ACTIVITY - Among the entries below, retype exactly the lines starting with the one with "Der Eichen-Parkettboden zieht" and going on through the one with "43 Dumanoir et", but not the pictures.

SOURCE MATERIAL -

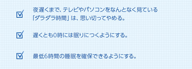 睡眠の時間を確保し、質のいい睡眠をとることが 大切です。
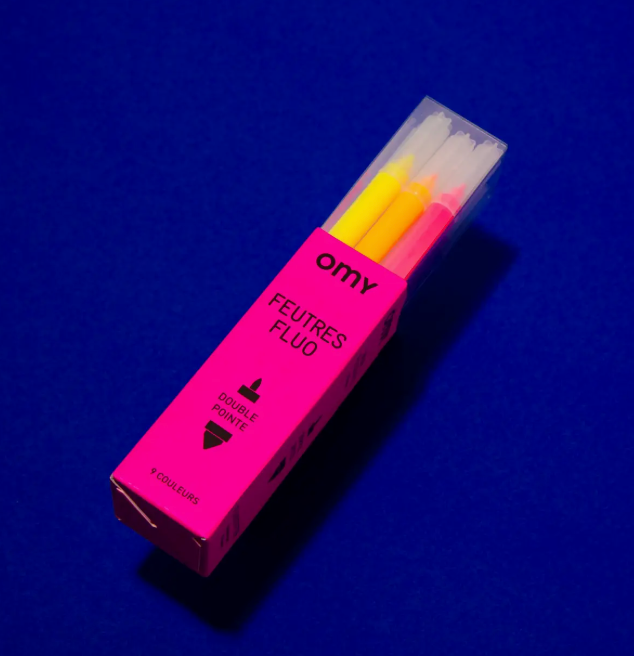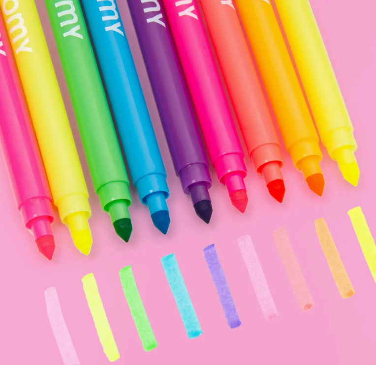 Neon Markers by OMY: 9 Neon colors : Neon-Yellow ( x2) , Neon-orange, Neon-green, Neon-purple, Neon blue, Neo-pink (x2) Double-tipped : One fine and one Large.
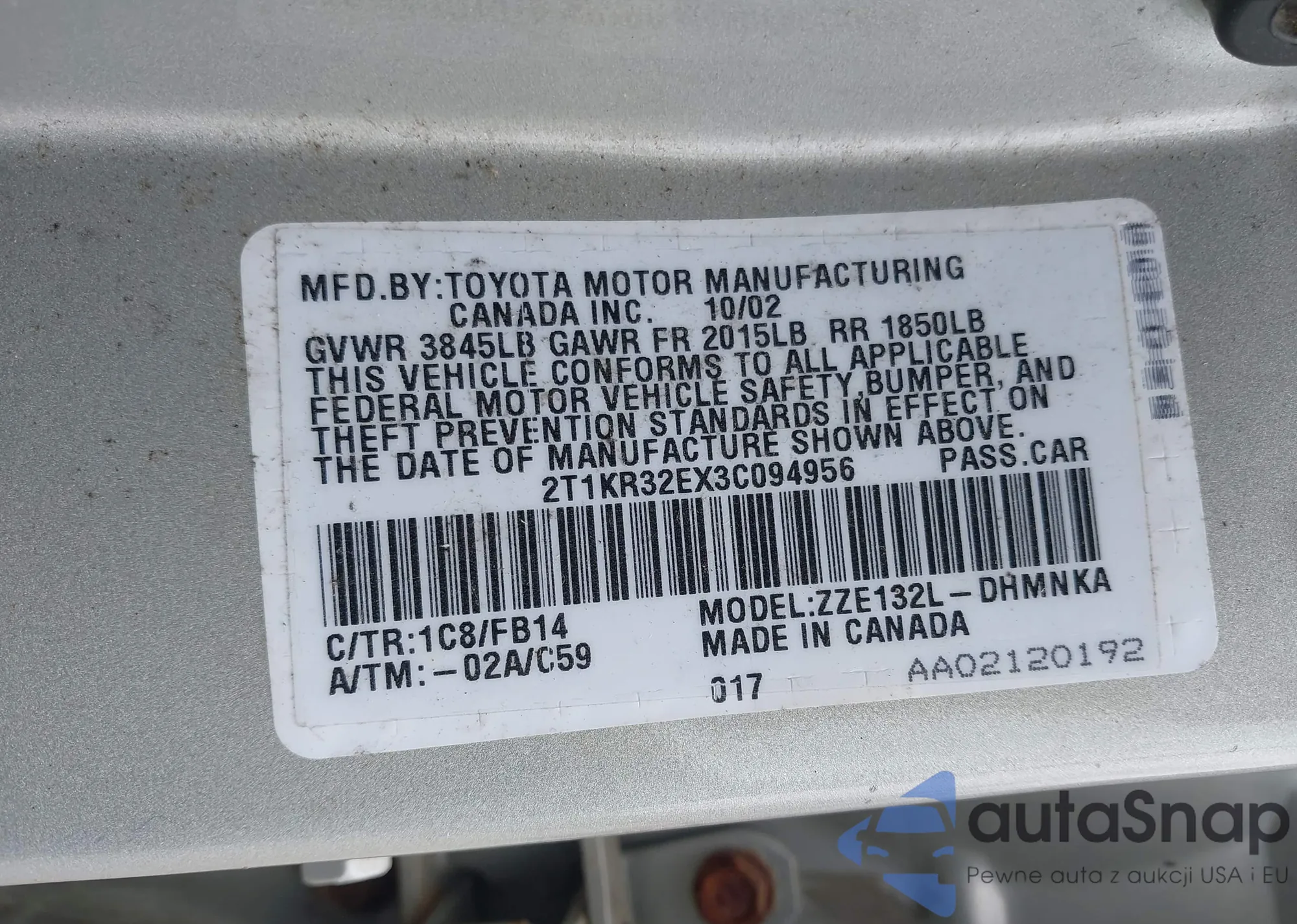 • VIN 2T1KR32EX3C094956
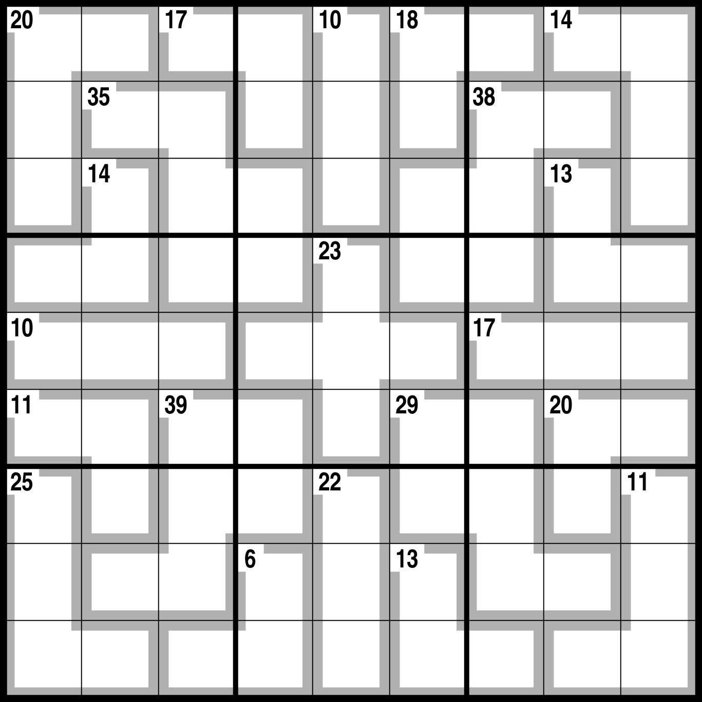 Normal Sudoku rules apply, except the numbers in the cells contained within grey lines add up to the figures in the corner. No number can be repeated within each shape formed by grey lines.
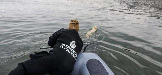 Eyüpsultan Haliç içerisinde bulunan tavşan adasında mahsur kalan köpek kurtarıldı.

...

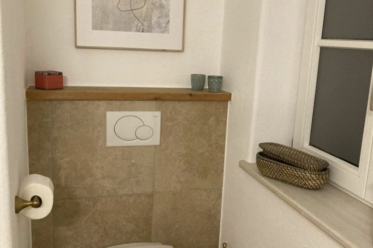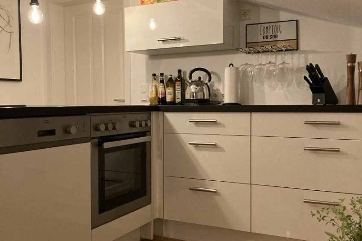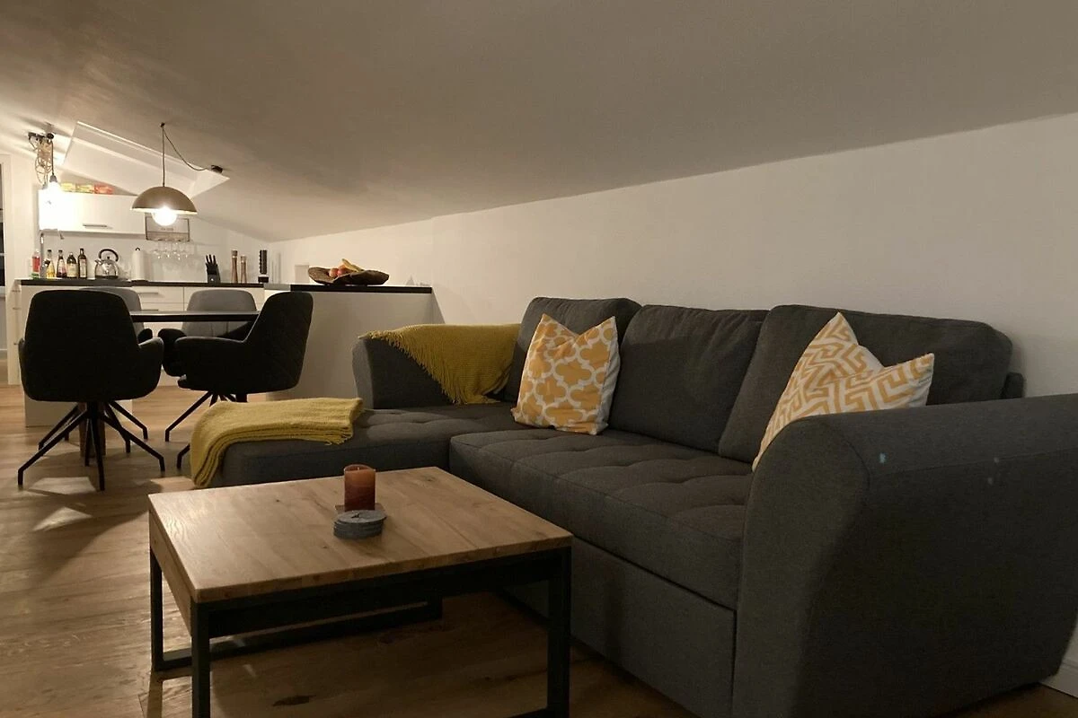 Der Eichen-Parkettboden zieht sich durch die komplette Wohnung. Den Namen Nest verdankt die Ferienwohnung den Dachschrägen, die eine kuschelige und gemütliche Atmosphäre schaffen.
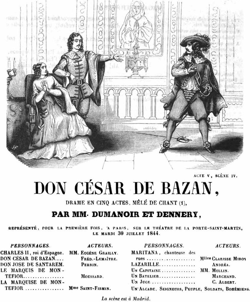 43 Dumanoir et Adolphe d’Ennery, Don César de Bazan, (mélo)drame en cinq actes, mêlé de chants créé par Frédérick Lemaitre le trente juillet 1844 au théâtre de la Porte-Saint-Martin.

EXERCISE RESPONSE -
 Der Eichen-Parkettboden zieht sich durch die komplette Wohnung. Den Namen Nest verdankt die Ferienwohnung den Dachschrägen, die eine kuschelige und gemütliche Atmosphäre schaffen.
 43 Dumanoir et Adolphe d’Ennery, Don César de Bazan, (mélo)drame en cinq actes, mêlé de chants créé par Frédérick Lemaitre le trente juillet 1844 au théâtre de la Porte-Saint-Martin.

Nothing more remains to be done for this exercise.